While Defendants have accurately stated the requirement under Illinois law, the Court finds that Plaintiff has provided a sufficient description. Robbie specifically alleges that SOA's practices were unfair and violated public policy because it failed to disclose that a product it was selling posed a safety hazard, and used its decision not to disclose this information to entice consumers to purchase the Class Vehicles at a higher price than they otherwise might have, unjustly enriching itself. (Zaback Complaint at ¶¶ 178-79). Robbie's ICFA unfair practices claim therefore survives dismissal.

6. Plaintiffs’ Restitution-Based UCL Claims

Defendants argue that the California Plaintiffs’ UCL claims must be dismissed to the extent they seek monetary relief and they may not seek restitution from SOA or SBR. They believe that the California Plaintiffs may only seek injunctive relief, not monetary relief or restitution.

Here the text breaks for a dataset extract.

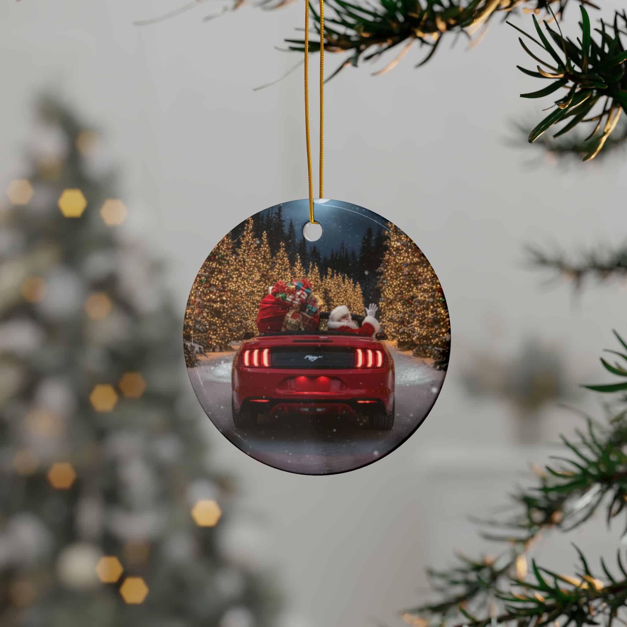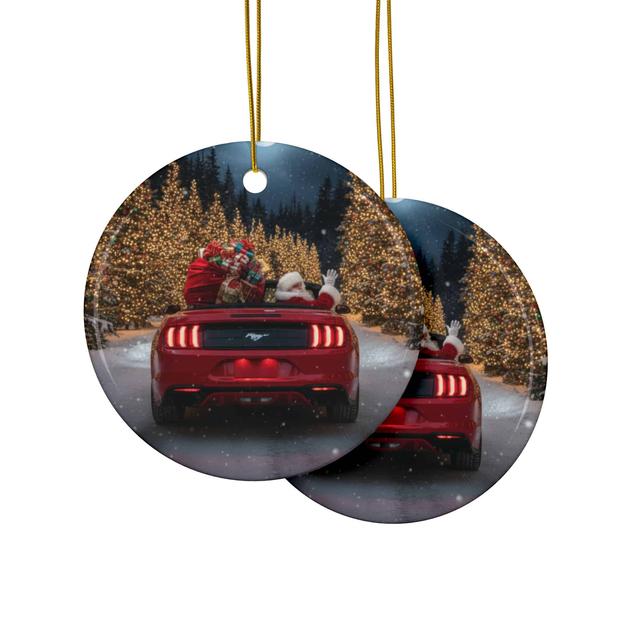 Make your holidays merry and loud with this Ford Mustang Santa Ceramic Christmas Ornament! Featuring Santa behind the wheel of a classic red Ford Mustang cruising through a snowy Christmas scene, this ornament blends horsepower, nostalgia, and festive spirit — perfect for Mustang lovers and collectors alike.

Furthermore, Defendants argue that such restitution is not available from the Defendants because third-party retailers are the entities who received money for the repairs at issue in this case, and restitution is only available in situations where the defendant directly took property from the plaintiff.

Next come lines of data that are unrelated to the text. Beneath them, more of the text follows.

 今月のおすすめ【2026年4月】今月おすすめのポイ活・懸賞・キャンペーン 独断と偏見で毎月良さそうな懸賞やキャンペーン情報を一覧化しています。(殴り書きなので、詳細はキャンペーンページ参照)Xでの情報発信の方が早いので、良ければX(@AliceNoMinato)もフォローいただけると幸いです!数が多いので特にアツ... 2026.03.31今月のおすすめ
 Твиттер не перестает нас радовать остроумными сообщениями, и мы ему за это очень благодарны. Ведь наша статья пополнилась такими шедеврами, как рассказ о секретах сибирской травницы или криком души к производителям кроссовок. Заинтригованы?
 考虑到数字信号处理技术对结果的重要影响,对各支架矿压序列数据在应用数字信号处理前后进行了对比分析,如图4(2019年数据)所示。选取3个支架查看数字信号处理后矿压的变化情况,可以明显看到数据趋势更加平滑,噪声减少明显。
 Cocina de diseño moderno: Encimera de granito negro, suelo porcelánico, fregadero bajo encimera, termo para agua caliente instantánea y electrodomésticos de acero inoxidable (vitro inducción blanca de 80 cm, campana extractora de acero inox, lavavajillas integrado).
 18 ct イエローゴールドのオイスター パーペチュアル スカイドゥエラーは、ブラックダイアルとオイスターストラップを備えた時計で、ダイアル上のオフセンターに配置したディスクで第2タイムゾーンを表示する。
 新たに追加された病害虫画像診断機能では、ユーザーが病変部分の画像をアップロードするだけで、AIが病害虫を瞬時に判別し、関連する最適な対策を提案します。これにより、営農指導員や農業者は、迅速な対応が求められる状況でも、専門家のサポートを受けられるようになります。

Plaintiffs counter that a plaintiff who purchased a used or new vehicle from a third-party dealer can properly bring a restitution claim against the manufacturer so long as the remedy sought is "truly restitutionary in nature" and "represents the return of money or property the defendant acquired through its unfair practices." ECF No. 50, at 35 (citing Cabebe v. Nissan of North America, Inc., 2018 WL 5617732, at *5 (N.D. Cal. Oct. 26, 2018) and Aberin v. American Honda Motor Co., Inc., 2018 WL 1473085, at *8-*9 (N.D. Cal. Mar. 26, 2018) ). Plaintiffs allege that they are seeking the return of money improperly acquired through Defendants’ unfair practices. In sum, Plaintiffs assert that they are entitled to restitution, but do not contest Defendant's argument that California's Business & Professions Code, California Code § 17200, et seq., does not allow for monetary relief.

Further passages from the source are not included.